= Big-beat (Eastern Bloc) =

Rock and pop music in Eastern European countries in the 1960s

Big-beat (also called big beat, or bigbit) was a 1960s music scene made up of rock and roll, jazz, and twist groups in Eastern Bloc countries. The term was coined as the name "rock and roll" was not approved by authorities in these nations.

==Background==
Genres of American origin, such as jazz, twist, and especially rock and roll were banned or at least hardly tolerated in Eastern Bloc countries in the mid-20th century. Such music was considered to be an element of American imperialism. Despite the official attitude, a number of jazz bands formed in the Eastern Bloc. In the 1950s, these bands included rock and roll elements in their performances. The first Polish band that played rock and roll was Rhythm and Blues, formed in 1959, and they were forced by the authorities to disband a year later. The manager of Rhythm and Blues, Franciszek Walicki, to avoid the term rock and roll, coined the term "big-beat" to refer to the band's music.

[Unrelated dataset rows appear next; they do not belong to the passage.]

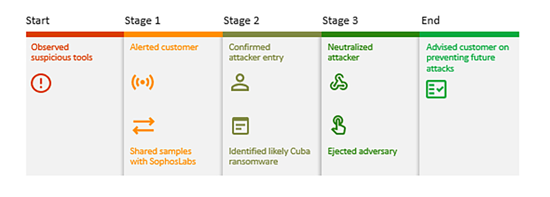 - En 30 minutes, les SophosLabs ont confirmé qu’un acteur malveillant avait eu accès à l’environnement du client et que les tactiques, techniques et procédures (TTP) adverses correspondaient aux premières étapes d’une attaque du ransomware Cuba.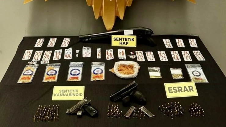 3 aylık fiziki takip sonucunda düzenlenen operasyonda bin 33 adet sentetik ecza, 102,83 gram sentetik kannabinoid maddesi, 17,36 gram esrar maddesi, 9,36 gram metamfetamin maddesi, 2 adet ruhsatsız tabanca, 5 adet şarjör ve 140 adet fişek ve 1 adet pompalı ele geçirilmişti.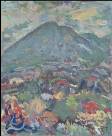 1986年〈霧島〉這件描繪霧島山群的作品,亦能見到木板上以黃色、紅色、綠色、橘色等不同色調的壓克力顏料,相互交疊、混融出一幅溫潤的風景;觀眾得以隨著這些色塊感受到畫筆在木板上跳動的筆觸,宛如塞尚〈聖維克多山〉那般明朗輕快。這三件作品大膽、多元、鮮明色彩,搭配獨特構圖,製造出畫面的趣味感。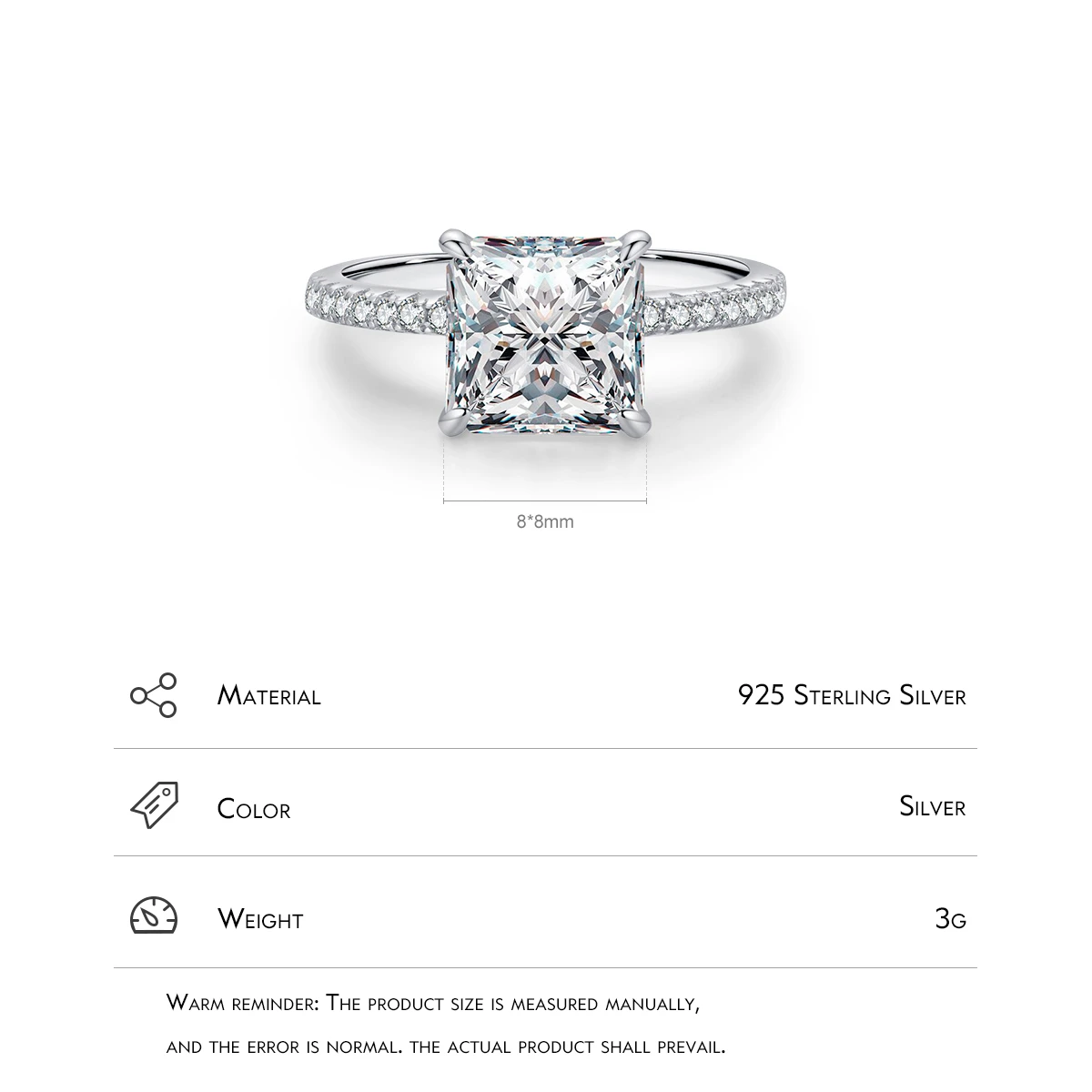 IG Style Elegant Shiny Square Sterling Silver Plating Inlay Zircon Rhodium Plated Rings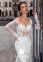 Полностью кружевное свадебное платье силуэта "рыбка". Корсет дополнен длинными рукавами, вырез лифа в форме сердца. Длинная юбка дополнена шлейфом. Спинка закрытая, на пуговичной застежке.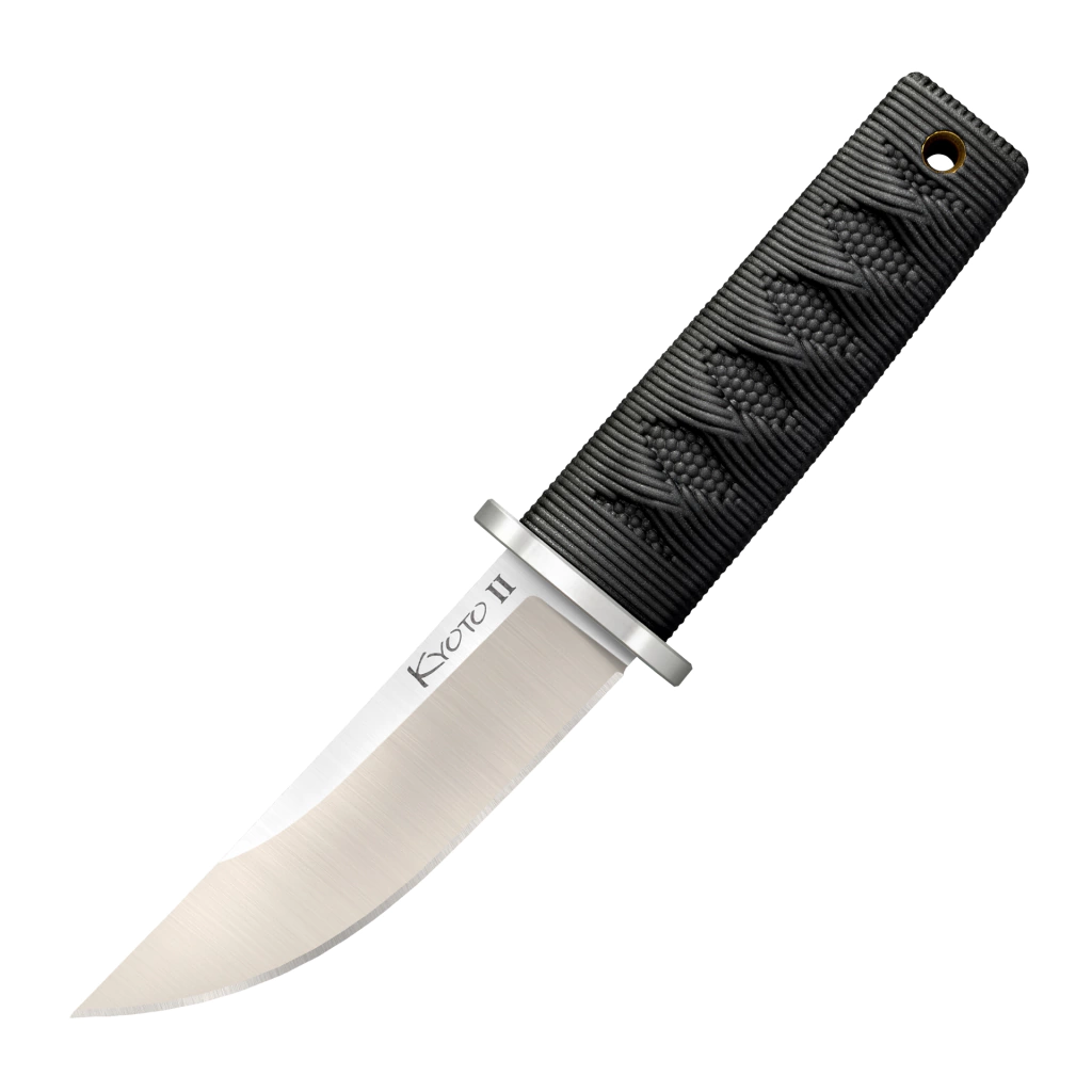 A robusta lâmina tem espiga full tang, que percorrem todo o comprimento do cabo. Pareado a guarda de aço inoxidável o cabo em Kray-Ex® é estilizado afim de imitar a aparência dos cabos das espadas japonesas tradicionais, enroladas em cordão. A bainha fina e confortável é versátil e aceita um cordão de corrente de bolinhas ou um C-Clip da Cold Steel, para que a Kyoto possa ser transportada de várias maneiras.

In Walicki's intention, it was a pure synonym of rock and roll, but the name became widely used in reference to any popular music with a strong rhythm and a simple melodic structure, such as rhythm and blues, madison, or twist.

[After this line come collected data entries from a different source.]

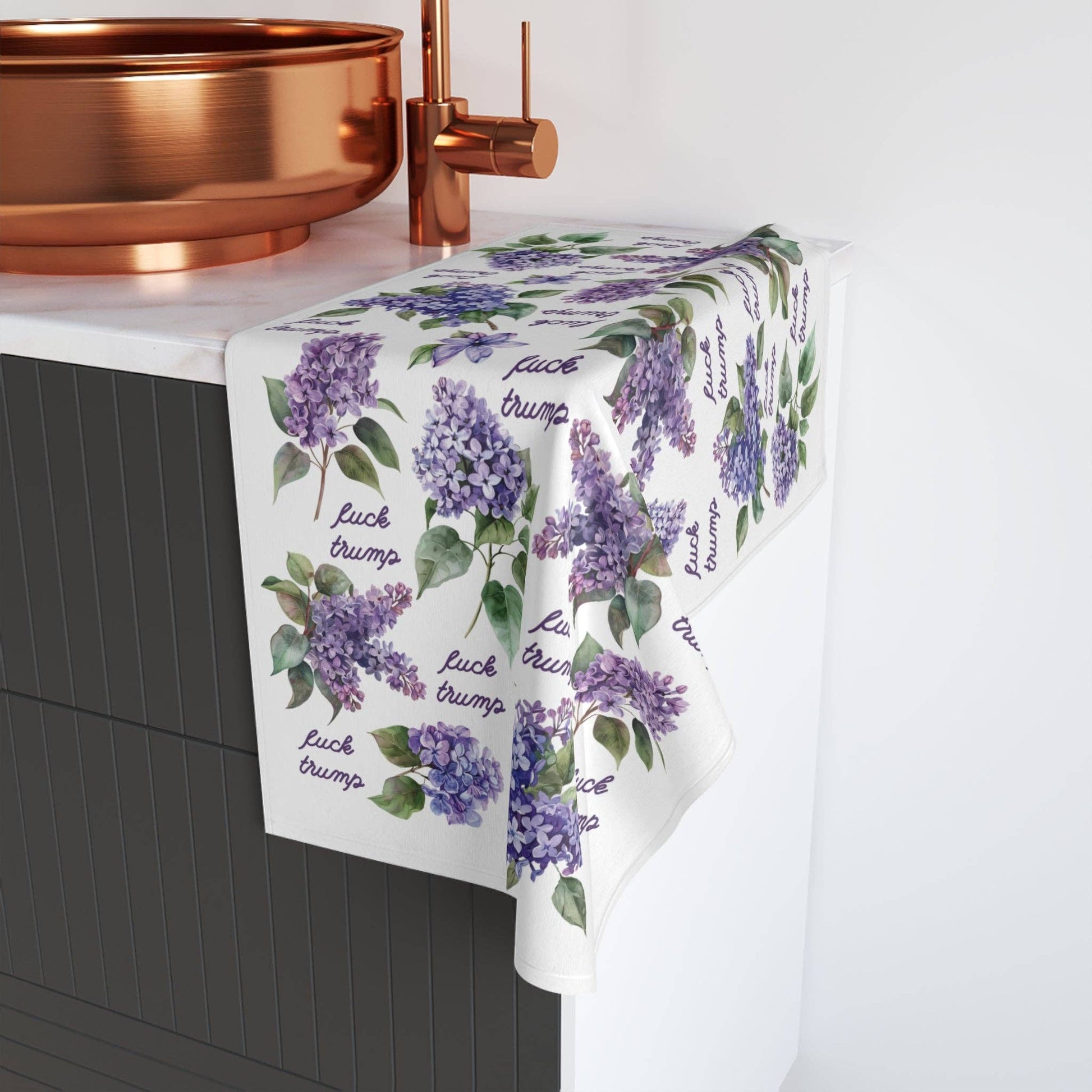 Add a subtle dose of rebellion to your space with this lilac “F*ck Trump” hand towel—perfect for your bathroom, kitchen, or as a gift for your favorite liberal. It’s soft, functional, and printed with a little protest.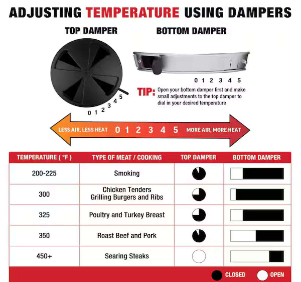 -Dual adjustable dampers for maintaining desired grilling or smoking temperatures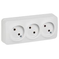 Розетка трехместная IEK РС23-2-ХБм Glory (10 А, IP20) открытой установки, белый матовый
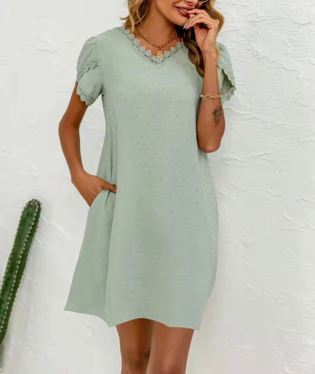 Spring Summer Women V-neck T-shirt Lace Petal Sleeve Pocket Fur Ball Dress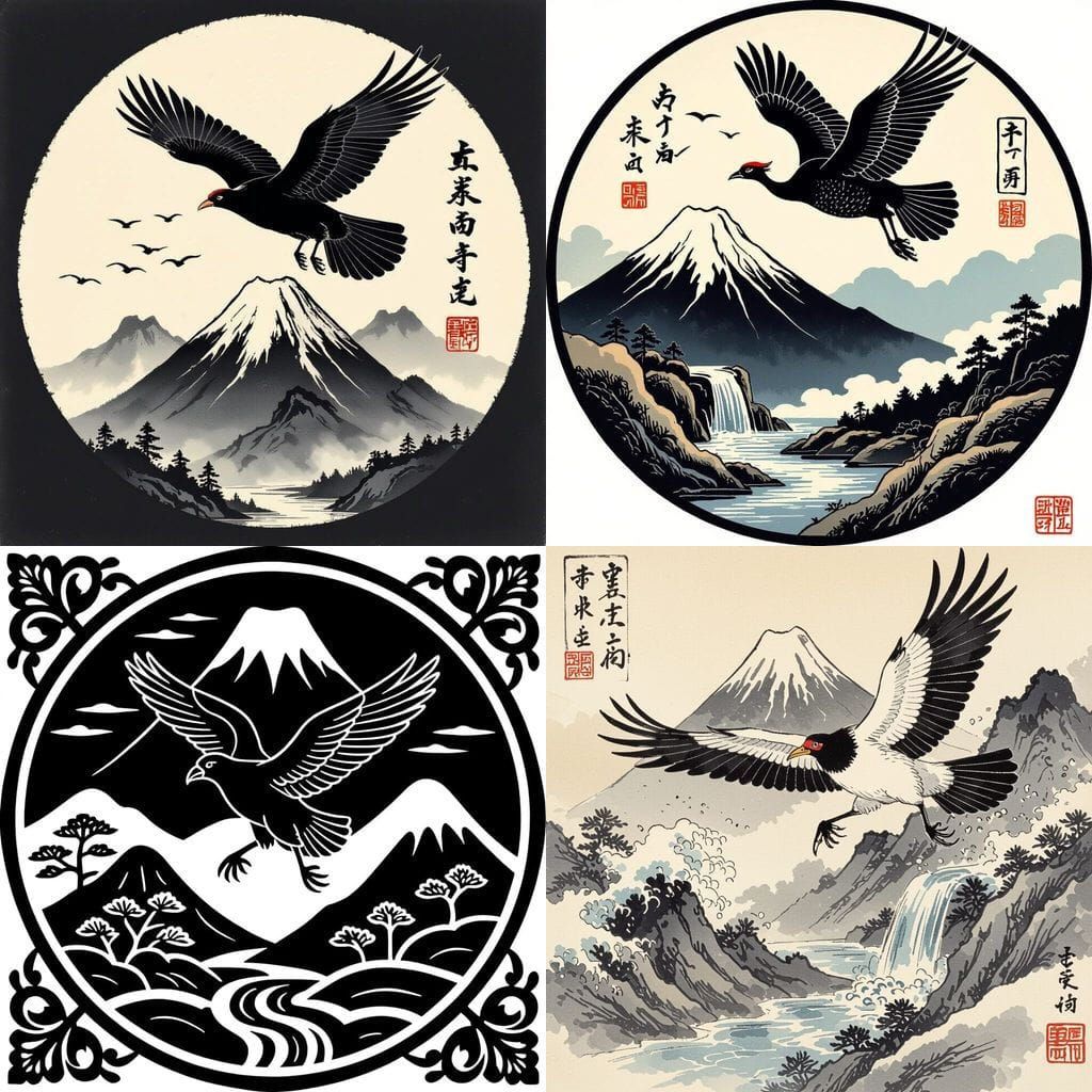 Design your own unique Kamon crests, featuring birds, mountains, and water, using our free and easy AI generator.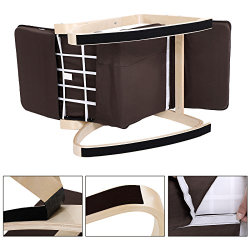 SONGMICS Sedia a Dondolo, Poltrona Oscillante, Sedia a Sdraio con Poggiagambe Regolabile, Copertura Sfoderabile, Struttura in Legno Massello, Capacità di Carico di 150 kg, Marrone LYY60Z

Walicki went on to form new bands, including Czerwono-Czarni and Niebiesko-Czarni, and rock and roll under the name "big-beat" became popular in Poland from the early 1960s. In Czechoslovakia and Hungary, it happened in the middle of that decade. The first rock and roll concert in the Soviet Union was performed at the Ministry of Foreign Affairs in 1966. However, in the USSR, rock was performed without a specific genre name, and rock groups were called "vocal and instrumental bands" (VIA). In Poland and Czechoslovakia, the term "big beat" or "bigbit" was mostly used, while in Hungary, it was called "beat".

In 1970s Poland, rock became called "young generation music", and it changed as progressive rock or electronic music emerged. In the 1980s, the name "rock" was already accepted by the authorities.

==Later uses of the term==
After genre names such as rock and roll were finally allowed in the Eastern Bloc, the term "big-beat" fell into obscurity. However, it made a return in the 1990s, this time on the international sphere. Rather than referring to rock genres, it became the name for a new style of electronic dance music pioneered by artists such as the Prodigy and Fatboy Slim, among others.